Most people think grip is simple: hold the gun tight. That mindset is exactly why so many shooters struggle.
Grip isn’t one action. It’s a two-part mechanism—two different jobs happening at the same time, in two different hands, with two different types of pressure. If you treat them the same, your shooting will always fight you.
The Problem With “Grip Harder”
“Just grip it harder” is bad advice.
When both hands apply the same kind of pressure, you get:
-Trembling sights
-Inconsistent trigger press
-Low-left or erratic hits (for right-handed shooters)
-Slower follow-up shots
Because both hands are trying to do the same job—and neither is doing it well.
Think Banana vs.
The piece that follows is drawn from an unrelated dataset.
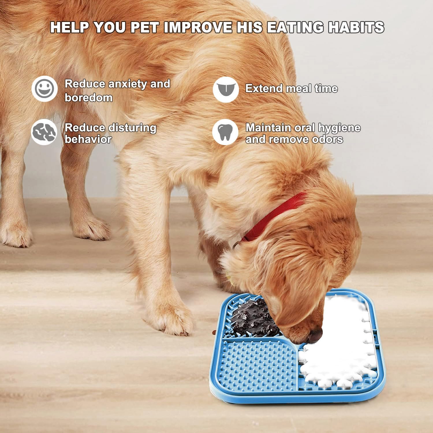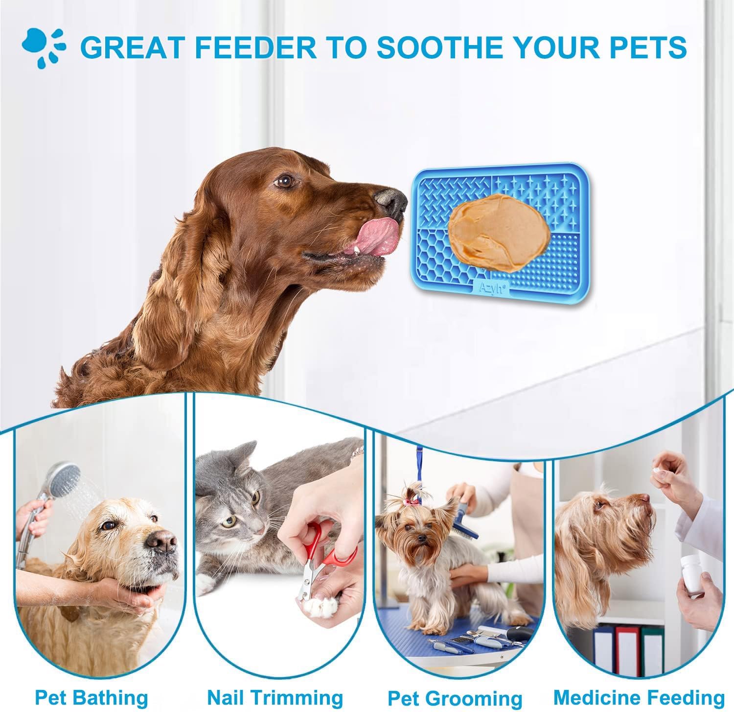 About this item 【Slow Feeding Enjoyment and Digestive Optimization】Choose Azyh 2024's uniquely designed Slow Feeder Pet Licking Mat (9.9'' × 6'')for large dogs, puppies, cats, and kittens. This mat significantly reduces the eating speed of dogs and cats, effectively preventing bloating and choking risks. The licking mat not only extends your pet's mealtime but also helps cultivate good eating habits, further promoting a healthy digestive system 【Anxiety and Boredom Relief】 Lick pat is an excellent choice for alleviating pet boredom and anxiety, allowing your beloved pet to enjoy longer moments of joy. The licking process also promotes the release of endorphins, bringing calmness and comfort to puppies. As a stimulating toy for large dogs, the licking mat keeps them active and is also suitable for medium-sized dogs and cats, helping to eliminate boredom 【Food-grade Material and Easy Cleaning】Made from 100% food-grade silicone material without BPA, our lick pat for puppies and large dogs is non-toxic, heat-resistant, and microwave-safe. After each use, simply soak the licking mat in warm soapy water and brush off residual food with a brush, then rinse clean with water 【Secure Adhesion and Versatile Use】With 75 strong suction cups, the pet licking mat quickly and firmly adheres to smooth surfaces such as glass, tiles, floors, bathtubs, and refrigerators. Its four different textured zones cater to various pet foods like peanut butter, yogurt, and cream cheese. The lick pat is extremely durable and easy to use, allowing for DIY applications 【Quality Assurance and Hassle-free Shopping】Your satisfaction is our top priority. Our package includes 2 mats, 1 spatula, and 1 brush, with multiple color options available. We promise hassle-free after-sales service for both puppy and large dog licking mats. Please note, this is not a chew toy; always supervise your pet during use. For any questions or concerns, feel free to contact us anytime › See more product details

Apple
Imagine you’re holding:
A banana in one hand and an apple in the other. If you squeeze the banana like the apple, you crush it. If you hold the apple like the banana, you drop it.
Same hands. Different pressure. That’s grip.
Your Strong Hand = Control, Not Crush
Your dominant hand is your control hand. It:
-Maintains alignment
-Manages the trigger
-Keeps the sights stable
-Firm—but not crushing.
This is your banana hand.
Your Support Hand = Power and Stability
Your support hand is your clamp. It:
-Locks the gun in place
-Controls recoil
-Drives the gun back on target
-High pressure. Aggressive contact.
This is your apple hand.
The GRIP Standard
At GRIP Defensive Training, we don’t teach “hold it tighter.”
We teach intentional pressure.
Strong hand: control
Support hand: pressure
Two hands. Two roles. One system.
DRILLS: BUILDING A FUNCTIONAL GRIP
You don’t fix grip by thinking about it—you fix it by training it.
Drill 1: Pressure Isolation (Dry Fire)
Purpose: Teach each hand its job.
How to do it:
Present the firearm (unloaded, safe direction)
Grip with your dominant hand only — press the trigger
Add your support hand and increase ONLY its pressure
Keep your dominant hand relaxed
What to look for:
Sights should move less when support hand pressure increases
Trigger press should feel cleaner
If your sights start shaking, your strong hand is overworking.
Drill 2: 60/40 → 30/70 Transition
Purpose: Find your optimal pressure balance.
How to do it (live or dry fire):
Start with equal pressure (50/50)
Shift to 60% support hand
Then 70% support hand
What to look for:
Where does recoil track the straightest?
Where do your sights return fastest?
Most shooters realize quickly: more support-hand pressure = more control.
Drill 3: One Shot, Reset, Rebuild
Purpose: Reinforce proper grip every rep.
How to do it:
Fire one round
Come off the gun slightly
Rebuild your grip intentionally (banana/apple)
Fire again
What to look for:
Consistency in sight picture
Consistency in recoil
Don’t just shoot—rebuild the habit every rep.
Drill 4: Support Hand Crush
Purpose: Build recoil control where it actually matters.
How to do it:
Grip normally with both hands
Increase support-hand pressure as hard as you can
Keep your strong hand relaxed
Fire controlled pairs
What to look for:
Less muzzle rise
Faster return to target
If your shots start pulling off target, your strong hand is taking over again.
Drill 5: Failure Check (Reality Test)
Purpose: Expose bad habits under speed.
How to do it:
Run a controlled string (3–5 rounds) at moderate speed
Pay attention to where your shots land
Common signs of failure:
Low-left (right-handed shooters) = too much strong-hand input
Wide groups = inconsistent pressure
Your target tells you the truth.
Final Thought
If your grip feels like one uniform squeeze, it’s wrong.
Grip is not about strength—it’s about distribution.
Banana. Apple.
Control. Pressure.
Train it correctly—and the gun starts working with you, not against you.